- Ace Hart on the cover of Super Thriller Comics #21.

Publication information
- Publisher: Foldes Press World Distributors
- First appearance: Super Thriller Comic #6 (1948)

In-story information
- Alter ego: Ace Hart
- Species: Human
- Team affiliations: War Office Department of Space Defence
- Partnerships: Jessie King Val Venture
- Abilities: Flight; Super-strength; Invulnerability; Heat projection; Hypnosis;

= Ace Hart (comics) =

Ace Hart is a fictional British Golden Age comic book superhero. He first appeared in Super Thriller Comic #6, published by Foldes Press of Edinburgh in 1948. While the character was created in-house none of the creators were credited (a common practice in the British comic industry at the time) and have yet to be identified.

==Publication history==

Ace Hart, billed as "the Atom Man", first appeared in the sixth issue of Foldes' Super Thriller Comic anthology comic. After ten issues the title and characters - including Ace Hart - were sold to World Distributors, which continued the title until #33, when it was retitled Western Super Thriller Comics in 1952, refocusing on western-themed strips imported from Dell Publishing.

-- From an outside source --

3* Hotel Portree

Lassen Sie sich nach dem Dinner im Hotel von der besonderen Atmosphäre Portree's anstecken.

Like the rest of the strips in the comic, Ace Hart was printed in black and white but made frequent appearances in colour on the magazine's cover. Subsequent to the strip's end the copyright on Ace Hart expired and the character fell into the public domain.

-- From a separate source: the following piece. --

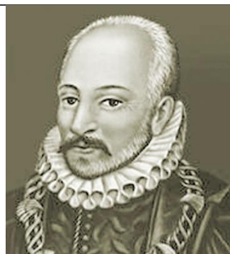
Мишель де Монтень

Девизом французского мыслителя Мишеля Монтеня (1533 – 1592) были слова «Точно известно, что ничего точно не известно». Раскройте их смысл.

In 1989 the character made a guest appearance in Grant Morrison's 2000AD strip Zenith as one of a large number of multiversal superheroes battling the Lloigor, extensively redesigned by artist Steve Yeowell. Described by one character as one of "the most powerful crime-fighters on any alternative", Ace Hart is accidentally left behind on a doomed parallel along with fellow powerhouse Captain Miracle. Both are possessed by the Lloigor but are eventually destroyed by their erstwhile allies during an attempt to destroy Zenith's Earth.

The character made another brief return to print in the fourth volume of The League of Extraordinary Gentlemen in 2018. Within that comic's universe Hart was recruited by Harry Lime to lead a British Intelligence-backed super-team called the Victory Vanguard.

==Character Biography==

Unlike many comic superheroes Ace Hart has no secret identity or even a detailed origin. Human scientist Ace Hart is able to give himself incredible powers through an elixir that allowed him to harness atomic power. He then created apparatus that allows him to monitor crime or be contacted by the War Office. Ace's adventures typically pitched him against kidnappers, racketeers, Nazis and occasional alien invasions. One recurring enemy was the foreign female criminal Zonda.

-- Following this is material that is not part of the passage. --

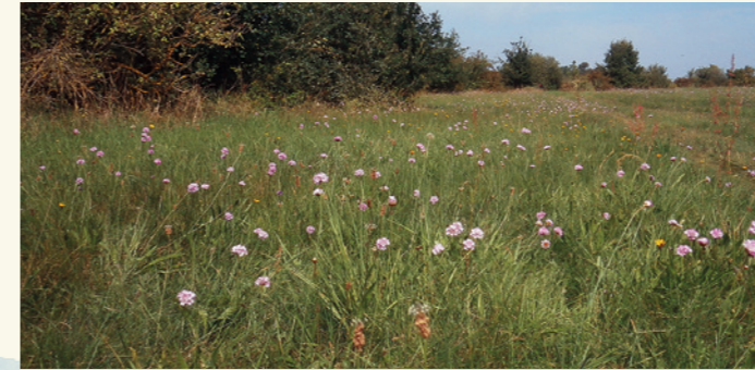
Abb. 4: Magere Wiesen und Weiden sind typische Lebensräume des Warzenbeißers – Sandmagerrasen an der Havel (Brandenburg).

In Ostdeutschland besiedelt der Warzenbeißer bevorzugt sandige Gebiete und Moore. Recht selten wird er in Nordwest-Deutschland angetroffen. In der Schweiz und Österreich gilt er aktuell zwar als weit verbreitet, ist jedoch stark im Rückgang begriffen. Daher ist er dort weitgehend isoliert in Schutzgebieten zu finden.

He was later joined by sidekick Jessie King, who he gave a version of his powers. From Super Thriller Comic #15 the strip's format was revised to put Hart under command of the Director General of the Department of Space Defence. The issue saw the debut of Valyra, an alien from Loma brainwashed into aiding another species called the Vaks invade Earth. After being freed from their control she helped Ace foil the attack and he gave her his elixir. Following this she became his regular sidekick, taking the title Val Venture.

==Powers and abilities==
Similar to many superheroes of the period Ace Hart's appearance and abilities were heavily influenced by Superman. Ace can fly at tremendous speeds, survive easily in space, has super-strength, can project heat rays and is invulnerable. Unlike Superman he augments his abilities with a self-designed atomic ray gun and has little compunction about killing aliens - human criminals were typically delivered to the authorities.

Due to Ace's incredible powers the short strips - generally consisting of 8 page standalone stories - rarely feature any jeopardy for the hero, who is usually able to overwhelm the villains easily once he is made aware of their presence. Instead either Jessie, Val or a female guest character end up in damsel-in-distress situations.